For developers who prefer to customize and deploy their own models while managing infrastructure, Azure offers flexible options to leverage NVIDIA accelerated computing. You can deploy your models on Azure VMs or Azure Kubernetes Service (AKS) with NVIDIA TensorRT-LLM, for similar performance gains while maintaining control over infrastructure and deployment pipeline.

In addition, NVIDIA AI Enterprise, available on the Azure Marketplace, includes TensorRT-LLM as part of its comprehensive suite of AI tools and frameworks, providing enterprise-grade support and optimizations for production deployments.

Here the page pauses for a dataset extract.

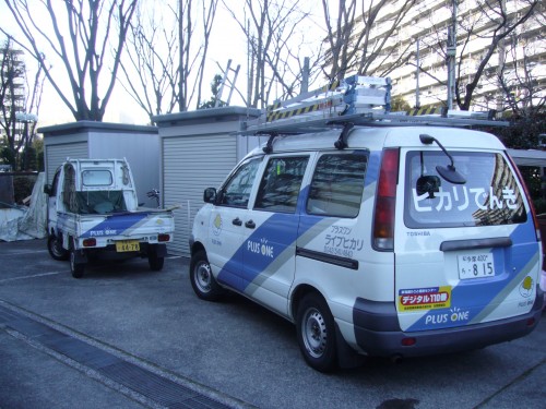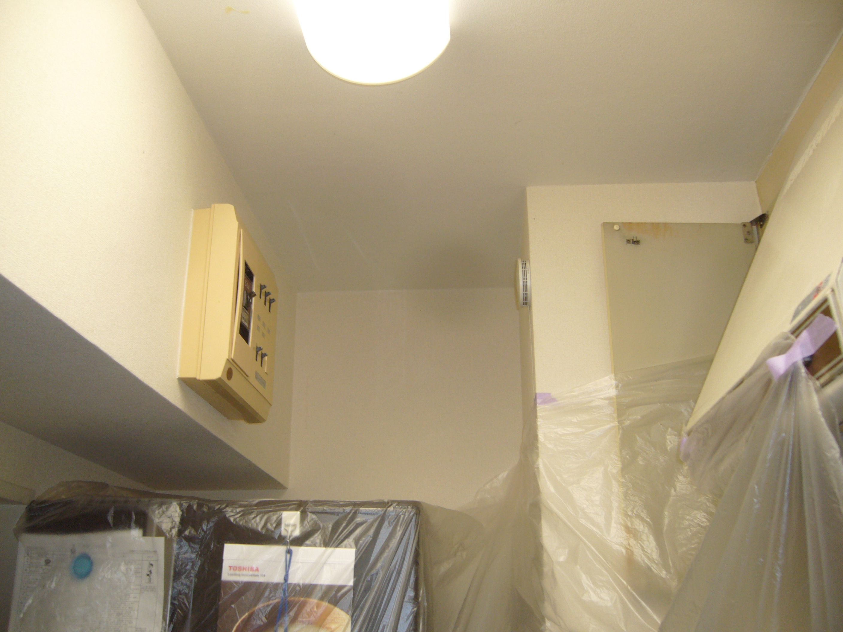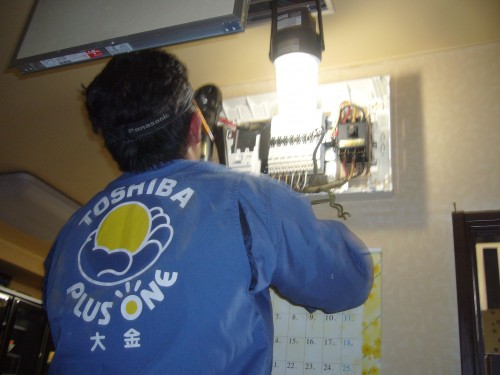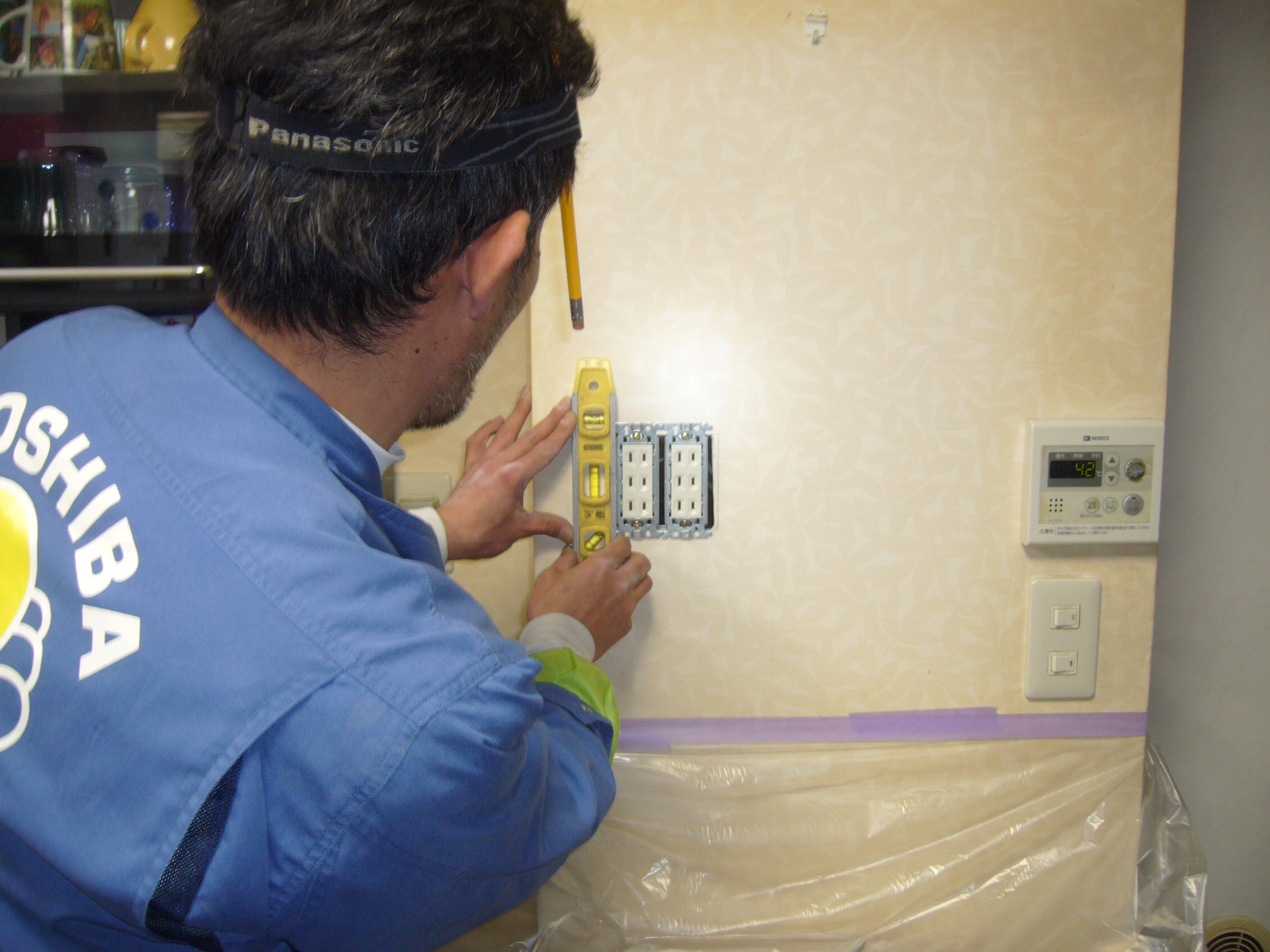 御得意様宅を汚さない様に、ビニール養生は、ヒカリ電機では、毎々必須です。

At NVIDIA GTC 2025, Microsoft and NVIDIA also announced the integration of NVIDIA NIM with Azure AI Foundry. While TensorRT-LLM enables model builders to customize, fine-tune, and optimize the performance of their models on Azure, NVIDIA NIM, a set of easy-to-use microservices, offers pre-optimized AI models and microservices with enterprise-grade support for AI application developers.

Whether you choose Azure AI Foundry’s fully managed MaaS offering or deploy models on your own in Azure AI Foundry, the full-stack NVIDIA accelerated computing platform enables you to build more efficient and responsive AI-powered applications.